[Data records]
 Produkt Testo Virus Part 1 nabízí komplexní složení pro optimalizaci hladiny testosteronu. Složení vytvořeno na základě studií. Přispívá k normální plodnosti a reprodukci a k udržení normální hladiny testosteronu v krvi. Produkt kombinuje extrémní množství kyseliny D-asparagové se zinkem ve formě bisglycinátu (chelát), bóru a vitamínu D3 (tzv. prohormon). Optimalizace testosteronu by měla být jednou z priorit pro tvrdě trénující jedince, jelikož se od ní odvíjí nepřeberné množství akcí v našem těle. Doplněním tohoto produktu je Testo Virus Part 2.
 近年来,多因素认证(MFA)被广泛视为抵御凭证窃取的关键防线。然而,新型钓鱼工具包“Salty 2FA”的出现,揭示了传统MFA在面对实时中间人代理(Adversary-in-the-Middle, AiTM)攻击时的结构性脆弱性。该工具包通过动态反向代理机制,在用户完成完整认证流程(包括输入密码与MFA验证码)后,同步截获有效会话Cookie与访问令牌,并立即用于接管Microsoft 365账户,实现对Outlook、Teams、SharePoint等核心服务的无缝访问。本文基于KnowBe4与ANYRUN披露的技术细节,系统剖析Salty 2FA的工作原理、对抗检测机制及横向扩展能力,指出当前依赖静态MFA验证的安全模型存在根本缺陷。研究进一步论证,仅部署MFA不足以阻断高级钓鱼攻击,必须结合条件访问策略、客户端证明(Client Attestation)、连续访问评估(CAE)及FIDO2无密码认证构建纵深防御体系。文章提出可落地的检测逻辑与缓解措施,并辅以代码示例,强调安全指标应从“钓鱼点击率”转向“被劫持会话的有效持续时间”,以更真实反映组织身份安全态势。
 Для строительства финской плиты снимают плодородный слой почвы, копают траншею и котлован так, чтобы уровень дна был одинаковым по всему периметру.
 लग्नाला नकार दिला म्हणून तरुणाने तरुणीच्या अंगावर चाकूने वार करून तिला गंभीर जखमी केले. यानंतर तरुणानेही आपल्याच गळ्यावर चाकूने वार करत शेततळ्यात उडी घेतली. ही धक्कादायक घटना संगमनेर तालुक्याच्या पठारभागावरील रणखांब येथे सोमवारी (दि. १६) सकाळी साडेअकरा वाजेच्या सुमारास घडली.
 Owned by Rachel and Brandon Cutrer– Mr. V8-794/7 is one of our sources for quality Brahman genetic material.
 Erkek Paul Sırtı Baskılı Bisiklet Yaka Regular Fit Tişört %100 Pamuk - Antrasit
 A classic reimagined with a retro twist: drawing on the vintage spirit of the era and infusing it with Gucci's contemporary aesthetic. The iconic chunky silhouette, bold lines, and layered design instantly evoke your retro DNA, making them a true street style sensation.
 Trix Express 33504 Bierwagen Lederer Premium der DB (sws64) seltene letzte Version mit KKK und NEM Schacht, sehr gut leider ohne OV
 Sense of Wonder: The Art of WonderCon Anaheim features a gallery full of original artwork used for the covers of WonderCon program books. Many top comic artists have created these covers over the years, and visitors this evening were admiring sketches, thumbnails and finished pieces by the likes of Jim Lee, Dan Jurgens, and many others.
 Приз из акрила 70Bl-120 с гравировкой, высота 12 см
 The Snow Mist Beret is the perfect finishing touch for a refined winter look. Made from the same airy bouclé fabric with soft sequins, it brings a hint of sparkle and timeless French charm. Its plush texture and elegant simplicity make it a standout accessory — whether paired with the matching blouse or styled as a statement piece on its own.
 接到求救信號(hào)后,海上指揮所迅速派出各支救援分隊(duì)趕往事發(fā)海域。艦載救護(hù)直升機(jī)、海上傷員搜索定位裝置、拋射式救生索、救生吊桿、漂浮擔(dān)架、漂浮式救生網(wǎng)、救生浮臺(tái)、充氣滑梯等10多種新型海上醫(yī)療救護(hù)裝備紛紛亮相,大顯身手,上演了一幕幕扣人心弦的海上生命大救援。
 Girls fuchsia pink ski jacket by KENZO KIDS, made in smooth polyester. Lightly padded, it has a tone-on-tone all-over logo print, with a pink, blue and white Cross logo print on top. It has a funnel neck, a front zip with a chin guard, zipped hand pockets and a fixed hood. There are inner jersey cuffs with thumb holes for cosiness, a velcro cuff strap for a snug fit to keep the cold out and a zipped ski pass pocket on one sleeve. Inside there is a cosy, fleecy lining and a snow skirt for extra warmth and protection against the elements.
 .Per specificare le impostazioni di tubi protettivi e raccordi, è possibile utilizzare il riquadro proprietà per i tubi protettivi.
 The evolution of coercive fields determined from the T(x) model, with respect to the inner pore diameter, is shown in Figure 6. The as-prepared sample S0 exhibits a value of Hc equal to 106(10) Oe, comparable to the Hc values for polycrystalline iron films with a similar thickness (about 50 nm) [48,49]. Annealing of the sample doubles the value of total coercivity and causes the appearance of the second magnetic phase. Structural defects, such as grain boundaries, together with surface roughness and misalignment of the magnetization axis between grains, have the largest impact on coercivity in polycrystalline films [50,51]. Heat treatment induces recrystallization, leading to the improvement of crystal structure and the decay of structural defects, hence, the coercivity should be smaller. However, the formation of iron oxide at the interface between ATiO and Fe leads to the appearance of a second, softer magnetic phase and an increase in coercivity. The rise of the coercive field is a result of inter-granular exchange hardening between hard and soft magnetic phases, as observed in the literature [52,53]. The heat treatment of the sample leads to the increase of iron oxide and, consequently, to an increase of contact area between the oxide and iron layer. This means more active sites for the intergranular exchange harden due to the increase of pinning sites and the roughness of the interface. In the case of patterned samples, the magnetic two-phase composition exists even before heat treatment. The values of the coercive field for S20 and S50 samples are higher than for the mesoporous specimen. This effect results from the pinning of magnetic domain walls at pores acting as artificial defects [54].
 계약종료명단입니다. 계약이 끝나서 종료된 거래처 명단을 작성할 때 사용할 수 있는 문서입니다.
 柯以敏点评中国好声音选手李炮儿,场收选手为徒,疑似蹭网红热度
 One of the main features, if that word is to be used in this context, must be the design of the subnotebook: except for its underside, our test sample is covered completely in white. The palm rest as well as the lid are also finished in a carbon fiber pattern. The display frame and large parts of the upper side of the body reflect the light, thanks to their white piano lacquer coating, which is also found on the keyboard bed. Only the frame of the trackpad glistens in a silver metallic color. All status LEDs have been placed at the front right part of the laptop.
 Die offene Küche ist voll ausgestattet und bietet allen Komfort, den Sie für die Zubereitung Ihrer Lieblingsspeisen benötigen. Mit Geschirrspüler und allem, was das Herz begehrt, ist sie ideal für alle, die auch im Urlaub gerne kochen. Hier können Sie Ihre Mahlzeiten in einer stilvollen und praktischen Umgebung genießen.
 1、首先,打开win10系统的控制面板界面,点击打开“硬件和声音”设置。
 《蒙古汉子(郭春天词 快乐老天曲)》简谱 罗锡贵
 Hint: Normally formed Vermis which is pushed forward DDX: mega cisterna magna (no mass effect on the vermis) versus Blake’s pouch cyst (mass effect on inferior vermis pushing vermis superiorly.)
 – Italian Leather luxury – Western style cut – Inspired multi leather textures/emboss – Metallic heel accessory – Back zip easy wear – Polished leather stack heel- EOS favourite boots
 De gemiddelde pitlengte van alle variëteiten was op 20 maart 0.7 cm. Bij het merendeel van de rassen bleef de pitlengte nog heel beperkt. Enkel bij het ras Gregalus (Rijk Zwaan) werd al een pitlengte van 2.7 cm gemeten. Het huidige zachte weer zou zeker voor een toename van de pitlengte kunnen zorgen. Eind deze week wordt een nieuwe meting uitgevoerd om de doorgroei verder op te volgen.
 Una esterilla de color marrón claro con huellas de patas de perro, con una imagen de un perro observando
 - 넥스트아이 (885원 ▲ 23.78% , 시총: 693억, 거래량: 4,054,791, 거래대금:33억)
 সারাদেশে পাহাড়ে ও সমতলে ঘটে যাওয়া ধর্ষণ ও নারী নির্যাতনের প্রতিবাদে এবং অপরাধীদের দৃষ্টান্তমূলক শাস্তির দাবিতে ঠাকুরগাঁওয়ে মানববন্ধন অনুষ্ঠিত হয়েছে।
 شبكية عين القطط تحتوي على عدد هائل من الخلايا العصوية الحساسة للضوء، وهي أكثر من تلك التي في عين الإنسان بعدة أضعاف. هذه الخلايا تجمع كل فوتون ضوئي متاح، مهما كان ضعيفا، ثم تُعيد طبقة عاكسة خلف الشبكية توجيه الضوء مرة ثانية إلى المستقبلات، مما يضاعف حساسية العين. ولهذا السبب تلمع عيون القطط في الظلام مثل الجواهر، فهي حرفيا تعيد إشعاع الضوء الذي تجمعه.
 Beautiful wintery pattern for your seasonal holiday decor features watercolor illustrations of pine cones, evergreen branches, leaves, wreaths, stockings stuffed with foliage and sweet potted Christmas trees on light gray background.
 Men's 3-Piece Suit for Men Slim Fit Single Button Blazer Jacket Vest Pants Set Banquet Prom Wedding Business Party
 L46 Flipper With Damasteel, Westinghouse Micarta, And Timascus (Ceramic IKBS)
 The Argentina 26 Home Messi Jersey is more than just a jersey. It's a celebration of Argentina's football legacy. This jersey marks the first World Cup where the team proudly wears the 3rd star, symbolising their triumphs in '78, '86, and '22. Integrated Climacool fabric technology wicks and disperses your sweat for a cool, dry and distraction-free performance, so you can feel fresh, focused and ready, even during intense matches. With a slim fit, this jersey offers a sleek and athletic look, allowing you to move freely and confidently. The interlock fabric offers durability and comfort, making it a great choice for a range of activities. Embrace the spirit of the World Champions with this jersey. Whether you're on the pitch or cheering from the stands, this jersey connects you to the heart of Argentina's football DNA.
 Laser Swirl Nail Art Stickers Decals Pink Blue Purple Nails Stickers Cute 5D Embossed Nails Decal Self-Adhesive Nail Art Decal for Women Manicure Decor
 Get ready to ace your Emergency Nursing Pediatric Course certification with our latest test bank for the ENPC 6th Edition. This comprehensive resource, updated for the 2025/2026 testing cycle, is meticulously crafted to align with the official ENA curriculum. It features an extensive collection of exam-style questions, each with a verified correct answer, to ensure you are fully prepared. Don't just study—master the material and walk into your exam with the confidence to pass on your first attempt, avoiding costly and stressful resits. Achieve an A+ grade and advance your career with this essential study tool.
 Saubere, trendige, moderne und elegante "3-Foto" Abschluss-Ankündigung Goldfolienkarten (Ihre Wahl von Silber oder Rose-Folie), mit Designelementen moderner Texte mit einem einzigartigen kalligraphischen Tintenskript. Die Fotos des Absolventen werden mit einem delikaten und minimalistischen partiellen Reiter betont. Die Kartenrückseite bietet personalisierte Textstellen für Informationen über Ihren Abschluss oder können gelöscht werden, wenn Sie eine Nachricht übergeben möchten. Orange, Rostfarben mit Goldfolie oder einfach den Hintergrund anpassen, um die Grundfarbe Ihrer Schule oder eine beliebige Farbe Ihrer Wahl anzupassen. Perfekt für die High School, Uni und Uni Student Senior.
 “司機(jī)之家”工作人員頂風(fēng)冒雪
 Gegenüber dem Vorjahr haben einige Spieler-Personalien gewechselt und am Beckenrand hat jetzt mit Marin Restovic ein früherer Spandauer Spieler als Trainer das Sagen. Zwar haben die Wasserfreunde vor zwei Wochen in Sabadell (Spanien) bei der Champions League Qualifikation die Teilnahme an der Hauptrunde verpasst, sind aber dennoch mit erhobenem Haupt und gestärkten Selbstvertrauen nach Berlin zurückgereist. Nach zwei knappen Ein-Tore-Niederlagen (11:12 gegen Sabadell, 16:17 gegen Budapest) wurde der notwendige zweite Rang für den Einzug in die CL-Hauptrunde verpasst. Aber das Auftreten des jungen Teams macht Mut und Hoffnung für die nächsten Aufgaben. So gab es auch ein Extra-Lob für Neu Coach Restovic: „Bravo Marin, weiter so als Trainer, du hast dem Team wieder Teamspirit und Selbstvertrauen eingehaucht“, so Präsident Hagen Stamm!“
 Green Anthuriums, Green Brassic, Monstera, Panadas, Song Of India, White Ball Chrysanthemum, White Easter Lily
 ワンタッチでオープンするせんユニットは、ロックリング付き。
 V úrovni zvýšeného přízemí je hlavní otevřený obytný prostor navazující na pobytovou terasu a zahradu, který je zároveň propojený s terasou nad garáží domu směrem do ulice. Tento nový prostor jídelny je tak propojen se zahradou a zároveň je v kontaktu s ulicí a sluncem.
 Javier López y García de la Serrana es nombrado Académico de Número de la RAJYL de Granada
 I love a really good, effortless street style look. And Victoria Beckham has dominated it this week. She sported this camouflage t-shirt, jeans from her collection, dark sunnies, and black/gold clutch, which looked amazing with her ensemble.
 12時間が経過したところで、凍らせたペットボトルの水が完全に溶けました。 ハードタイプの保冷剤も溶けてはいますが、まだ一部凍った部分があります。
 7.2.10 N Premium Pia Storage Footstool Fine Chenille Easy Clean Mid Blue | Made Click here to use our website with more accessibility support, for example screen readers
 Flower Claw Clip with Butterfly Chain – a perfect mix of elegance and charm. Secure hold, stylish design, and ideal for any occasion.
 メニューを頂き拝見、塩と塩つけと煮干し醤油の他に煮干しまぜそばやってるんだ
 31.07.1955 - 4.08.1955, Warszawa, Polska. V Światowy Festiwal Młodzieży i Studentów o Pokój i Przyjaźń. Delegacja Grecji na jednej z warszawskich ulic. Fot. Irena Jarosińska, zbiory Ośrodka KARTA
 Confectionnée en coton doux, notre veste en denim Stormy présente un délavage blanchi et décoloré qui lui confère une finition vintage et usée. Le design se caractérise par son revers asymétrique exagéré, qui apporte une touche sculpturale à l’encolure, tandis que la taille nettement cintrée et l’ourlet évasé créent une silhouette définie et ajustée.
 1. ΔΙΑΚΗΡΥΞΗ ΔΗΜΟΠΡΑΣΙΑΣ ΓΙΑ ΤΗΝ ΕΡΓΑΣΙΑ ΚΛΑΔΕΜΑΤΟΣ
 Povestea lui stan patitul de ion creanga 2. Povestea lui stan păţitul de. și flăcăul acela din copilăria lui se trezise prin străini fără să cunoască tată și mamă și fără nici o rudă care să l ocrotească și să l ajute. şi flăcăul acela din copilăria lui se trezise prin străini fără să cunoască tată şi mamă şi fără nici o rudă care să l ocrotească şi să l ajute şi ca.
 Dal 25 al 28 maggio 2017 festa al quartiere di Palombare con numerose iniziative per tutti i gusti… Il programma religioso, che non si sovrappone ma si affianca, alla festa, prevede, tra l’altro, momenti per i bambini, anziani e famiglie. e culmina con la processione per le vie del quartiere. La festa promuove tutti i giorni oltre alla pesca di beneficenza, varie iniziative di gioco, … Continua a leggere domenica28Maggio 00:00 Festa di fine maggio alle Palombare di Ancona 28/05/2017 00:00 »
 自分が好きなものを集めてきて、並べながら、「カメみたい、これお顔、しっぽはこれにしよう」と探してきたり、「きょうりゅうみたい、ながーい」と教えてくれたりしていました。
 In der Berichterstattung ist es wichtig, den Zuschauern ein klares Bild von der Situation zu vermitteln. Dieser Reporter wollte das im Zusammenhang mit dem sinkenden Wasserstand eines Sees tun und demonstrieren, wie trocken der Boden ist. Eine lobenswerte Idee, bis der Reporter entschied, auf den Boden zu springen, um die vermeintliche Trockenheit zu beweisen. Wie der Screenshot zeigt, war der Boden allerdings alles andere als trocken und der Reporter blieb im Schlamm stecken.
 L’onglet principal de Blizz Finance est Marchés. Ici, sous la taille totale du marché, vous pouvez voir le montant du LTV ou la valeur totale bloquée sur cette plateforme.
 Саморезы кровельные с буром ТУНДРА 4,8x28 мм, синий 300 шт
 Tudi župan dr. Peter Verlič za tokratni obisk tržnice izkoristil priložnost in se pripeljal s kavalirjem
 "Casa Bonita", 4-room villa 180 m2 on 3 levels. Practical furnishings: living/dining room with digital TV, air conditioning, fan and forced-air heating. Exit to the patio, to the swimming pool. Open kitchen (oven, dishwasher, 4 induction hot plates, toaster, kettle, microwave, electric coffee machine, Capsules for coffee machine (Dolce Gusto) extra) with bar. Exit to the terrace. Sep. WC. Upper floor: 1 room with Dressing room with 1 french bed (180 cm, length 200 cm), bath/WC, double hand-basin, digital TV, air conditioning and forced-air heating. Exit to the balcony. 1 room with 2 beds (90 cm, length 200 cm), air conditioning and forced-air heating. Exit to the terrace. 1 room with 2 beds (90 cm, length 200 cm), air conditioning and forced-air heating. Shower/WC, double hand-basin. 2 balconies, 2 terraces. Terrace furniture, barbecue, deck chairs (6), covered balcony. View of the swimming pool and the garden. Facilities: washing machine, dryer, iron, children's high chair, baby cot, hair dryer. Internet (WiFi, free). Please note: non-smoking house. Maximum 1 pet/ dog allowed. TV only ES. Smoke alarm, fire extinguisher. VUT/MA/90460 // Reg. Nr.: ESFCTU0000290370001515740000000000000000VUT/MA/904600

**TASK DIRECTIONS**. Every line in the data that holds the string "vintage" should be returned.

**SOLUTION TO THE EXERCISE**.
 A classic reimagined with a retro twist: drawing on the vintage spirit of the era and infusing it with Gucci's contemporary aesthetic. The iconic chunky silhouette, bold lines, and layered design instantly evoke your retro DNA, making them a true street style sensation.
 Confectionnée en coton doux, notre veste en denim Stormy présente un délavage blanchi et décoloré qui lui confère une finition vintage et usée. Le design se caractérise par son revers asymétrique exagéré, qui apporte une touche sculpturale à l’encolure, tandis que la taille nettement cintrée et l’ourlet évasé créent une silhouette définie et ajustée.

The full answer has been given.